There was a picture I saw on YouTube, I will never forget, of Ray Kelly, hands clasped behind his back pacing back and forth. November 15. That night, mayors of several cities had simultaneous raids on Occupy encampments. I watched the livestream of Occupy LA and it was the most terrifying thing I'd ever seen in my life, they just swooped like the monkeys in the Wizard of Oz, wearing black, came out of nowhere.

And the ubiquitous Live Streamers, Tim Poole and Matt. Always there, the only true form of journalism there is, live and unedited. The term "Citizen Journalist" came out of OWS. It's where I learned, it was empowering, all you needed was a camera, and iPhone and a Twitter account.

I captured some really historic stuff, memories for life. One night I was on Facebook and saw that Pete Seeger was marching down Broadway at midnight about to 'occupy' Columbus Circle. I tore up there and by the time I got there he, Arlo Guthrie, Tom Chapin, David Amram and hundreds more were perched on the statue of Columbus. It was so dark you couldn't see anything. All of a sudden, someone shown a big light on them as they sang, "This Little Light of Mine." It was magic and there wasn't a dry eye in the place.

After the raid, it was getting really dangerous down there. Every time there would be an action the cops would show up in draconian force, hundreds of them, with those scary little white hand cuff bracelets dangling. And when you saw the cavalry show up, the equestrian unit on horseback, you knew it was going to get ugly. I was trampled a couple of times and hey, I'm a senior citizen.

The NYPD unit,TARU would show up with little video cameras. The Technical Assistance Response Unit. It was their job to shoot actions when there would be arrests, to get their side of the story. But what they didn't count on, was every police action, they'd yell, "Cameras" and it was a shoot out. Them shooting us shooting them. Everybody trying to keep everybody honest.

The real unsung heros were the National Lawyers Guild, the NLG, with fluorescent green hats. When there was an arrest, they would rush in and yell, "What's your name?" everybody had the NLG phone number written on their arms with magic markers. They would come to where you were taken and follow you through the arraignment...for FREE! We all took care of each other in a magnificent way. We were all there for the same reason and we were bonded by this vision..."We are unstoppable, another world is possible."

There have been a thousand unforgettable memories, a lifetime's worth. Demonstrating at David Koch's Southampton home where he was holding a $50K/plate fund raiser for Mitt Romney, they had a huge sign, "Mitt Romney Has A Koch Problem", the day Crosby and Nash showed up in Zuccotti Park, I waited an hour getting my camera just the right angle and when they came out, they faced the other direction! Being on the stage with Joan Baez was a keeper for this old folkie. #N17 where we marched over the Brooklyn Bridge and the bat signal was projected on the Verizon building and the court houses. It was delicious.

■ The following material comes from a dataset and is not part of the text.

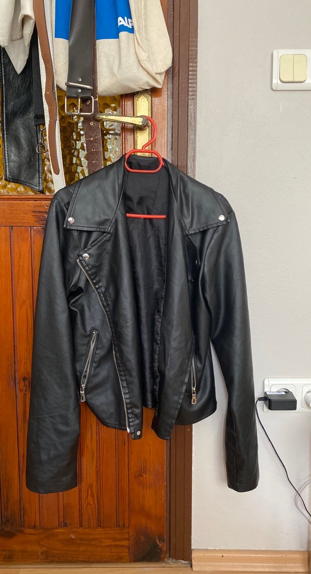 Fermuarlı detaylara sahip, siyah deri biker ceket. Oturmalı kesim, uzun kollu ve normal boyda, grunge punk tarzını yansıtır. M ve S bedene uygundur.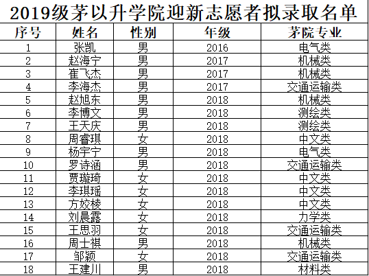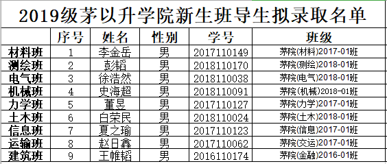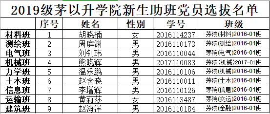 研究决定,选聘以下36名同学担任2019级学生班导生、驻班党员和迎新志愿者职务,具体名单公示如下:

But I gotta say one of the best was, I got a tip off at midnight, it was December after the raid on Zuccotti Park, that Law & Order SVU had built a fake Zuccotti Park in Foley Square, when I got there, just a production assistant was guarding the set. It had a kitchen and a People's Library and signs and it was really elaborate. But the occupiers were NOT amused. They started arriving and, although I'm sure the producers would have thought differently, a good natured 'occupation' occurred. "We are a movement not a tv plot' was written on the signs.

So we were rascals and obstreperous at times, I'm sure some intended to get arrested and some by accident. I am proud to know them all, all my "OccuPals"... I was proud of every minute I spent at Occupy Wall Street. What I learned is that you can change the world by empowering the people. "Power to the People" John Lennon said, and wouldn't he be right on the front lines?

"Mic check! Mic check!" We changed the language, we changed the world... one hashtag at a time. On Martin Luther King's birthday two years ago, Patti Smith quoted her great song, which has become my anthem...

"And the people have the power, to redeem the work of fools." It's up to us.